Staff access to the workplace

  • For all those positions where teleworking can be carried out, this option will be used instead of traveling to the workplace. All those meetings that involve the movement of different workers between centers will be held, except for force majeure, by videoconference.
  • It must be organized by the company so that the proper separation of 2 meters is guaranteed between any two people who access it. This entry and exit should be made considering the capacity of the center and the speed of entry of the staff, if necessary staggered shifts will be established.
  • If agglomerations are foreseen, a person in charge of the organization and control of accesses and exits will be appointed, as well as the exterior signage of the appropriate locations in which those who are waiting to access the work center should be located to maintain a distance between them 2 meter security.
  • The day registration system should not require physical contact with the equipment used.
  • In the event that worker has to travel in a means of collective transport, the worker must be informed of the need to maintain the social safety distance recommended by the health authority with the rest of the users and, in the event that said safety cannot be guaranteed. measure, the worker must be equipped with adequate and effective means of individual protection (mask and gloves).
  • The tourist-type work vehicles will only be occupied by the driver. If it is essential for two people to circulate in a vehicle, this will be done by traveling in the vehicle with the passenger in the rear seat opposite the diagonally facing driver and both occupants using disposable nitrile gloves and FFP2 masks. Every time the displacement is completed and prior to being used by another worker, the worker who completes his displacement will be responsible for disinfecting the contact points such as interior and exterior door handles, luggage compartment, handles and buttons, steering wheels, handbrake, gear shifting, seat belts etc.

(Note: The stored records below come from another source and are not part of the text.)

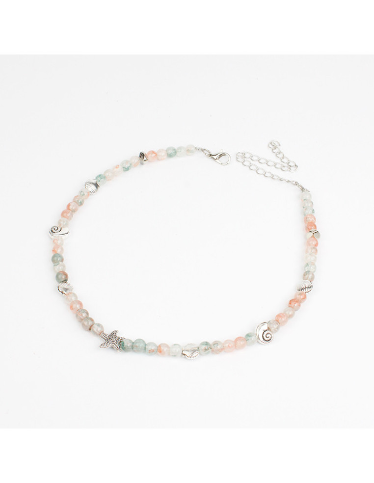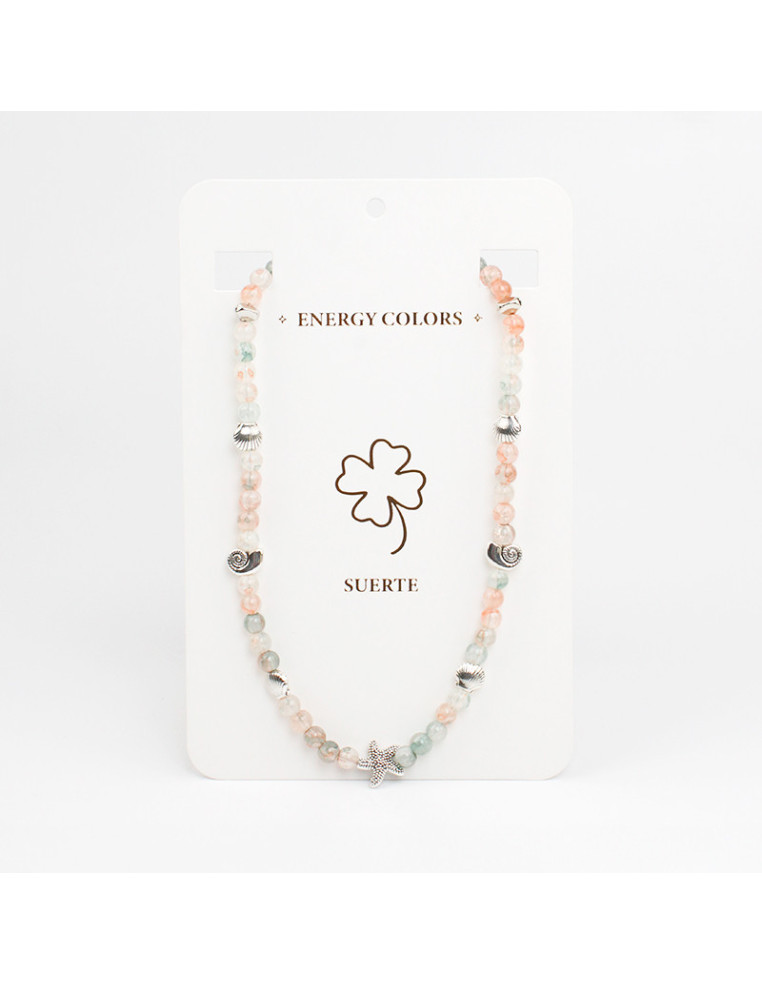 Collar flexible de bolitas de vidrio energéticas con dijes marinos de fundición.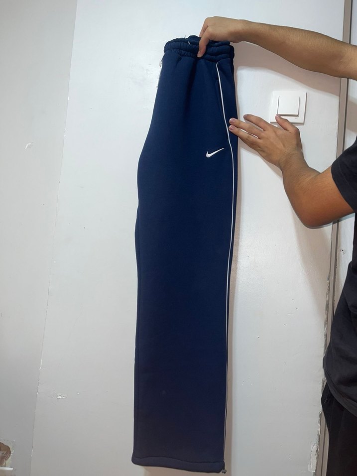 Lacivert renkli, regular fit erkek eşofman altı, fermuarlı cepleri ve sentetik kumaşıyla sokak modasına uygun rahat bir görünüme sahiptir.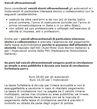"ragassi" ... ma ancora qui stiamo ? E' dal 2015 che non cambia più niente. Solo i lombardi, i romagnoli, gli emiliani ed i trentini possono non pagare più il bollo per le ventennali ( e forse qualche riduzione qua e là ancora tra i soliti privilegiati ... quest'anno anche dalle nevicate ). Tutti gli altri lo pagano per le ventennali. E tu C.Pietro non avrai pagato in ricevitoria il bollo ridotto ma i trenta euro ( o giu di lì ) di tassa di circolazione... da pagare se circoli e non sei più - come molti fanno - iscritto all'ASI e al club federato ASI ( come fanno in molti che si iscrivono solo il primo anno per ottenere il CRS ... anche da un altro Registro, non solo dall'ASI ). Aggiungo che lo status di veicolo d'interesse storico e collezionistico ( il CRS ) va fatto registrare ... dichiarandolo in Regione là dove serve per l'esenzione oppure all'ACI o alla Motorizzazione. Non conosco Registro che - come una volta faceva l'ASI - oggi faccia questa segnalazione ... il certificato viene rilasciato al proprietario della vettura e segue la vettura anche in caso di vendita... questo sì, bisogna dirlo per correttezza. |

Hygienic measures for all workers.

  • Hand hygiene and a safety distance (2m) are the main measures for infection prevention and control.
  • Cover your nose and mouth with a tissue when you cough and sneeze, and dispose of it in a trash can with a lid and pedal. If scarves are not available, use the inside of the elbow to avoid contaminating your hands. Avoid touching your eyes, nose, or mouth.
  • The use of mask and gloves has been previously discussed.
  • Avoid drinking or eating without previously washing your hands.
  • Contaminated work clothes should be stored separately from street clothes, using separate lockers or bagging work clothes. For clothes, a full cycle wash is recommended at a temperature between 60 and 90º.

General measures for companies

  • Inform all staff about COVID-19, its transmission routes and the individual preventive measures to be taken, emphasizing hygienic measures. So that the staff is familiar with the procedures of action in the event that a worker presents symptoms.
  • The facilities will be ventilated frequently.
  • If it is a matter of cleaning the facilities, with special attention to the surfaces that may be capable of favoring transmission.
  • Hydroalcoholic solution dispensers for hand disinfection will be placed in areas that are in need.
  • The resumption of activity should be guided by the principle of minimizing risk. Therefore, the return to normality of activities that carry a risk of crowding should take place last. In any case, you should avoid carrying out activities that involve crowds of people.
  • Meetings involving a high concentration of workers in confined spaces will be limited to the maximum.
  • Internal training courses that involve the movement of workers between provinces will be postponed, assisting different workers from different work centers.